This seems to be the month for venting my frustration with the London Telegraph, even when that frustration involves articles more than a month old. In this case I am referring to the review that Philip Hensher wrote last month of Harvey Sachs' book The Ninth: Beethoven and the World in 1824. The demand (in all likelihood not based on Hensher's piece) for this book was great enough that I had to get on a waiting list at the San Francisco Public Library. Since I had more than enough to keep me occupied, I did not mind the wait; and I was looking forward to the reading experience. Now I find myself wondering when I am going to bail.
There is nothing wrong with the basic premise of the book, which is basically that a proper understanding of the ninth symphony of Ludwig van Beethoven requires a contextual understanding of the circumstances under which that symphony was written. If I have any quibble at all with this premise, is that it is too narrow. As far as I am concerned, it is true of any act of the composition of music, which means that, in Beethoven's case, it is as applicable to "Für Elise" as it is to any of the compositions that are argued over by Anna Russell's "great experts." This is not to detract from the work of those "great experts" but simply to belabor the fundamental truth that "context is everything," even when one is obsessed with some masterpiece.

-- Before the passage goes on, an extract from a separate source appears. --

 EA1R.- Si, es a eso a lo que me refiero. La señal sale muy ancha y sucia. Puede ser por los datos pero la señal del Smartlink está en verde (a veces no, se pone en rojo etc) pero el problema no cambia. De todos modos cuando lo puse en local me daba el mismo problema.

What is missing from Sachs' contextual approach is any sense of priorities. If context is everything, then everything is grist for his context-seeking mill. This makes for awesome detective work, but the result is some really turgid writing that never makes a case for whether it has anything substantive to do with Beethoven's ninth? George Orwell probably would have appreciated being paraphrased with the premise that some contexts are more equal than others; but you could not prove it by Sachs, for whom Saul Bellow and Joseph Brodsky carry as much weight as Charles Rosen and H. C. Robbins Landon. Ultimately, this book is an assorted collection of mud pies formed from the stuff of just about any subject you could imagine in a humanities curriculum. Reading it reminded me of a sarcastic remark an old colleague of mine used to make about Esquire: "Those guys must pay their writers by the word!"

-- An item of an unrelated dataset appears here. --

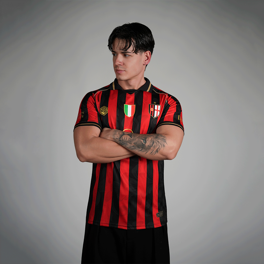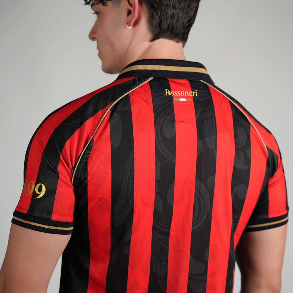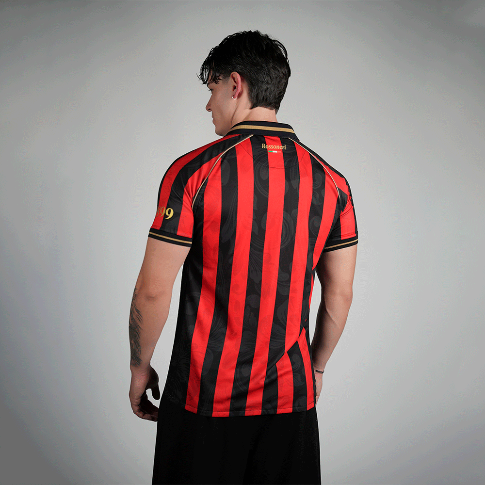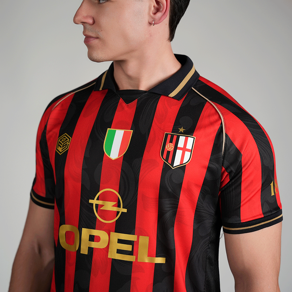This special edition pays tribute to the classic red and black stripes, reinterpreted with our unique touch and a redesigned crest that adds character. The Scudetto is prominently displayed in the center of the chest, along with the iconic Opel sponsorship, a symbol of the club's golden era. The sleeves feature the founding year and the coordinates of the stadium's location.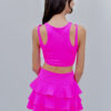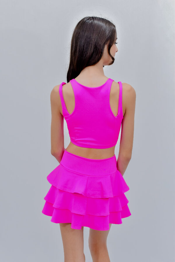 Conjunto de short saia e top com confeccionado em tecido de poliamida. O short saia é composto por 3 babados e tem o shortinho embaixo então a criança ou a adolescente não precisa se preocupar quando for realizar movimentos de grandes amplitudes, pois o tecido tem bastante elasticidade e consegue acompanhar o movimento. Composição de 85% poliamida e 15% elastano. O tecido possui um leve brilho e promove conforto e elasticidade durante da prática da atividade física.

I do not know if I shall make it to the end of Sachs book to see if he even glances the hypothesis that, strictly speaking, the Opus 125 symphony in D minor is not Beethoven's masterpiece. It was made a masterpiece by a congeries of factors, most of them grounded in the social world and probably all of them brought into play after Beethoven's death. In 1824 Opus 125 was, at best, an enigma that made a mighty noise and brought little profit to a poor sick man living in squalor. The real story did not take place in 1824; and the book that deserves to be written is the one that tries to develop the underlying narrative of the "resurrection" of Beethoven as monument.